Antimicrobial peptides are sometimes proposed as alternatives to antibiotics, but they are generally quite tricky to work with: they can be broken down by proteases, they generally are not very soluble in e.g. human serum (so can't be used systemically) and they are very 'sticky' (meaning that they bind to basically everything, not specifically to the bacterium that they are targeting). It is still an interesting field for drug development, but these problems turn out to be quite difficult to overcome.

And if you want to do postgraduate studies on microbiology in a great university with excellent researchers, why not consider our MSc in Microbiology and Infection: https://www.birmingham.ac.uk/postgraduate/courses/taught/biosciences/microbiology-infection.aspx

Hii! Thank you for doing this AMA!! This is a very strange phenomena to me! How bacteria can share the DNA between species. Something that is so difficult for us and they use it as a way of communicating.

...So, we had a couple COVID patients that where intubated, got rid of COVID, successfully extubated. But, they now where infected by B. cepacia.

We gave double antibiotics (Tigecyclin and Colistin), but, didn't work. Do you have any experience with it? Should we burn the hospital?
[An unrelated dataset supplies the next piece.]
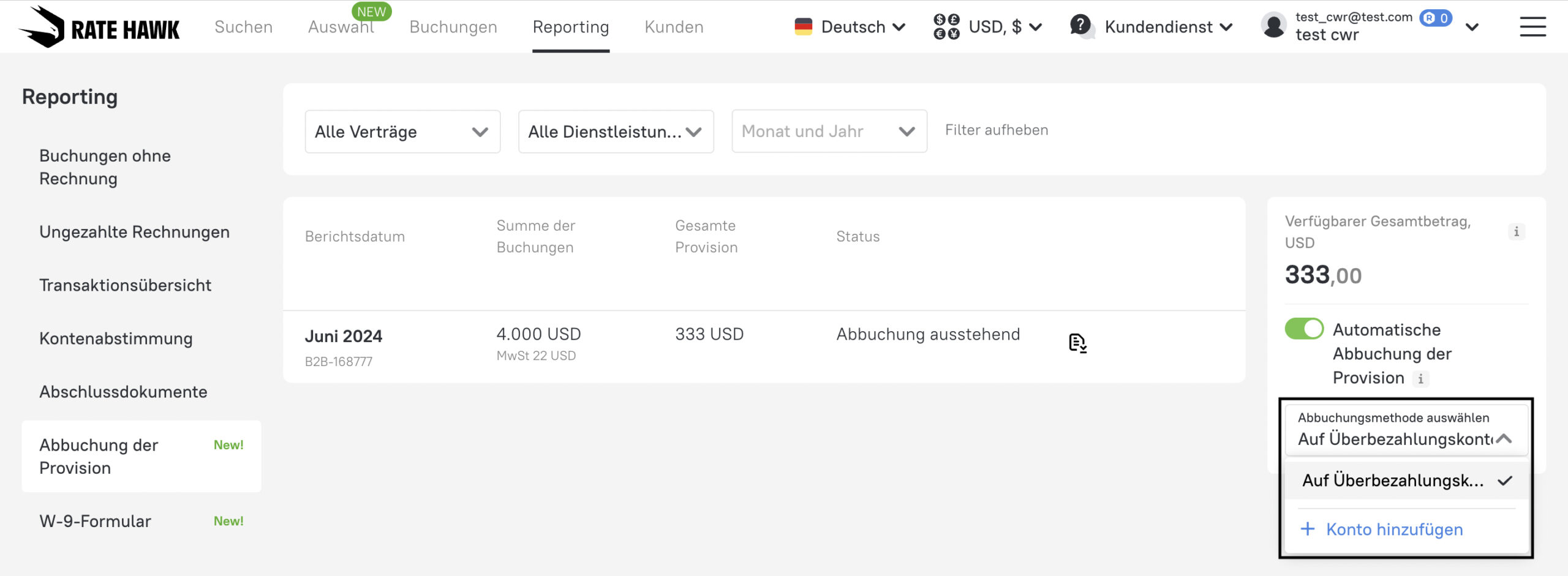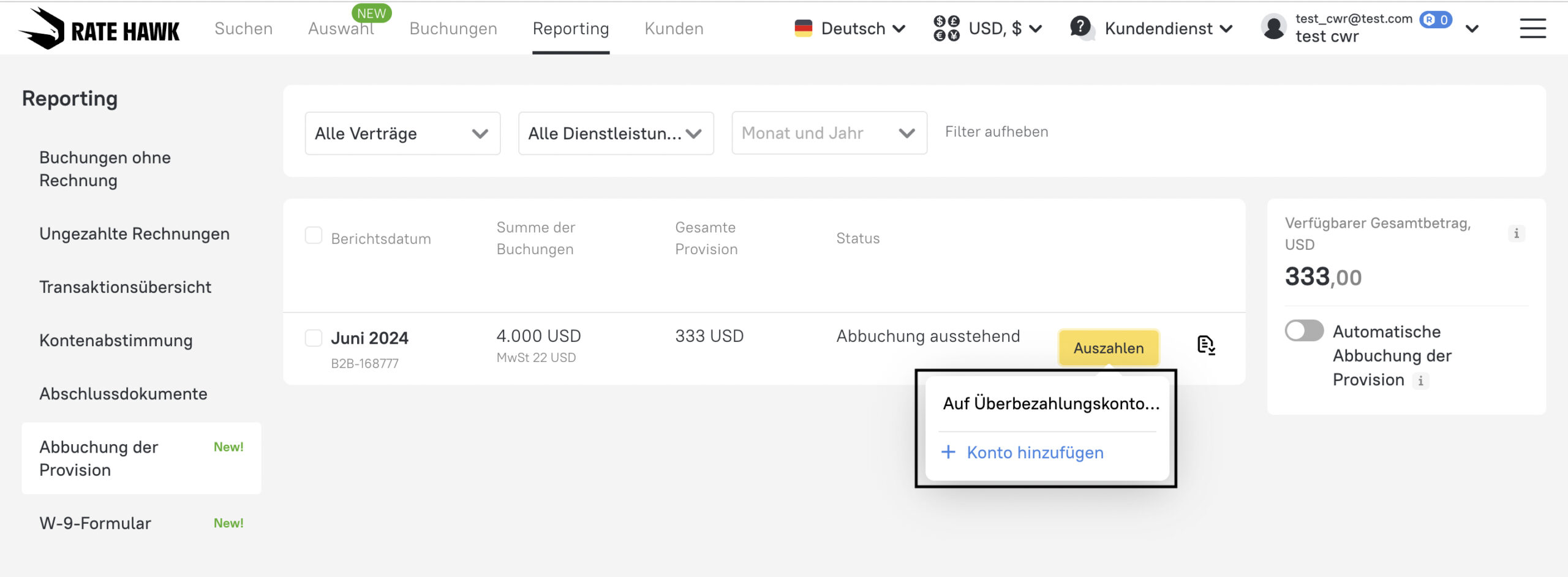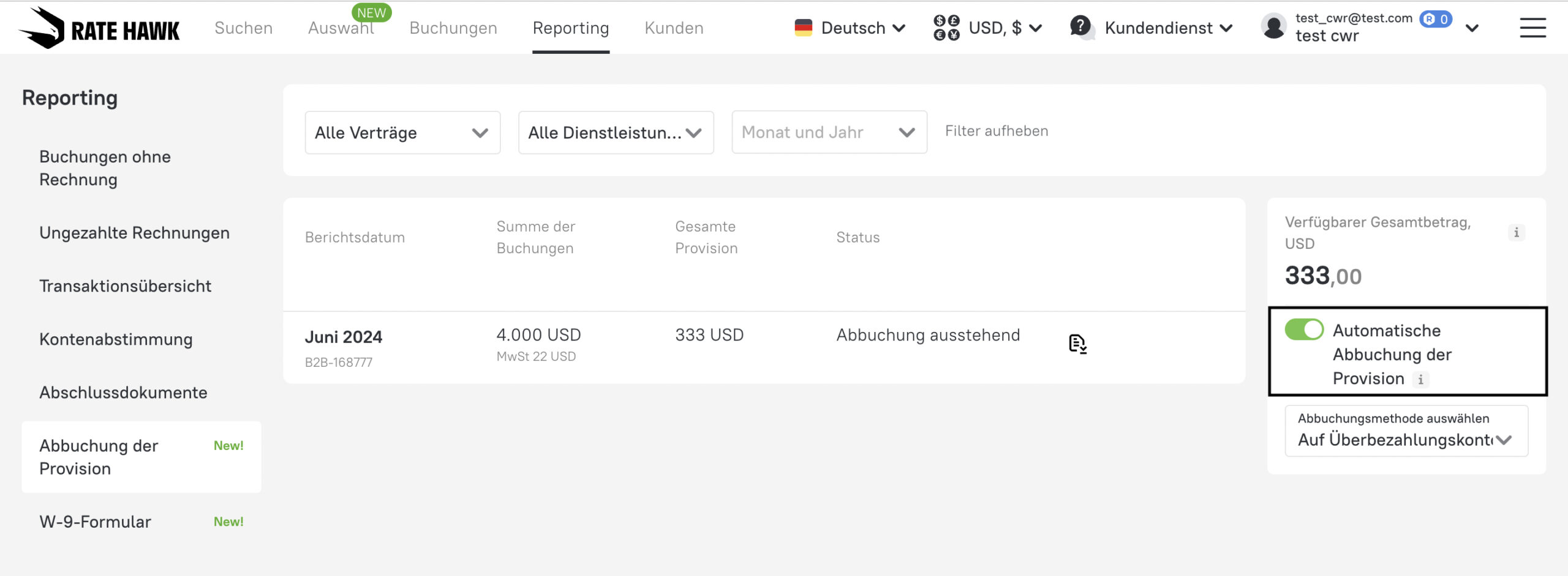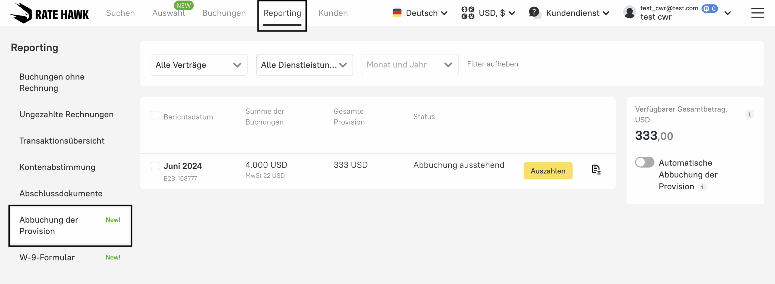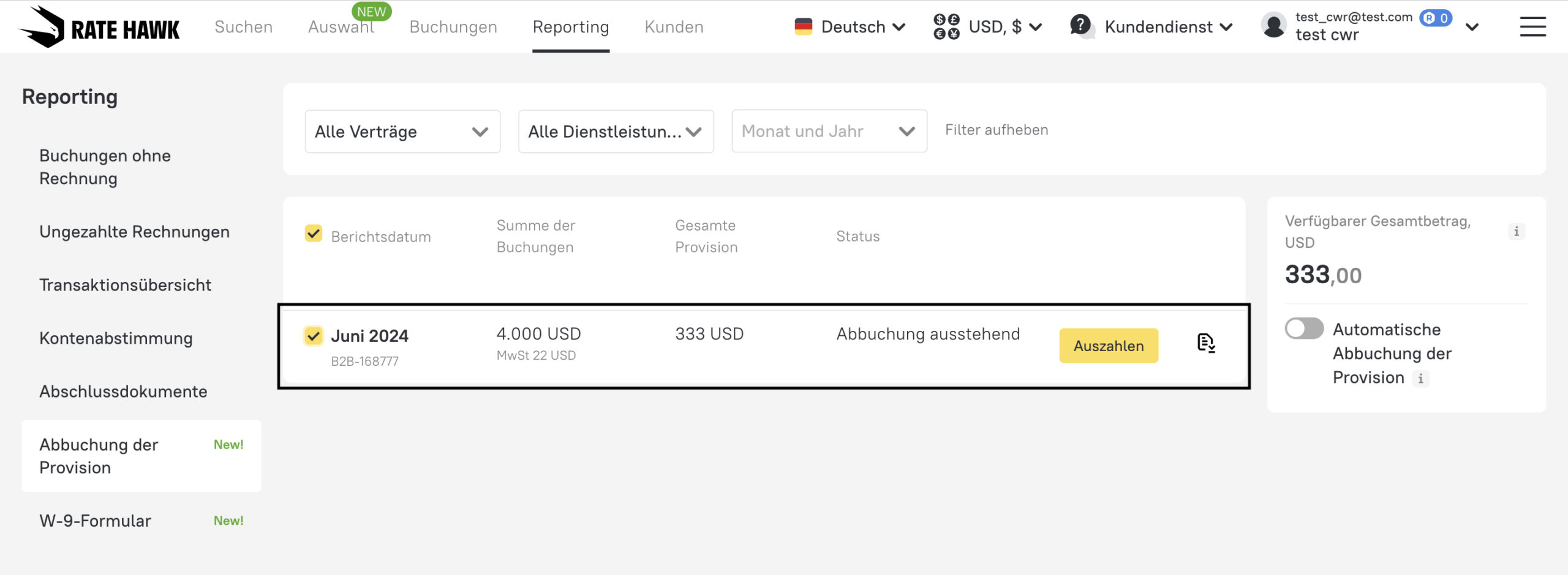 1. Navigieren Sie unter dem Menüpunkt „Reporting“ zu „Abbuchung der Provision“.

I am not a medic, so can't comment on what to do in treating these patients. I assume that these bugs are already resistant to beta-lactams and other, more commonly used antibiotics, as colistin and tigecycline are pretty much used if there is nothing else left. Burning down the hospital seems a bad idea but I do hope these patients have recovered!

What are your thoughts on the gut-lung axis? Are there causative events going on i.e. does the lung microbiome directly influence the gut microbiome and vice versa, or are changes correlated to something else?

I think interactions between the gut microbiome and [other organ] are almost always immune-related. So if the gut bacteria trigger a certain immune response, that will affect what bacteria can grow in other environments of the body. I don't think there is anyway that gut bacteria migrate to the lungs or vice versa (indeed, if they do, you might have a massive problem!)

Hi William, I'm William too!

Do you believe that children, adolescence, young adults that are raised in more sterile environments, (Lysol abundance, extreme handwashing, restrictions on playing outside or with others) may end up more susceptible to falling ill with common bad bacteria? Would you say that bacterial defense comes from being introduced to more bacteria younger, or more from the genes you are born with? Thank you!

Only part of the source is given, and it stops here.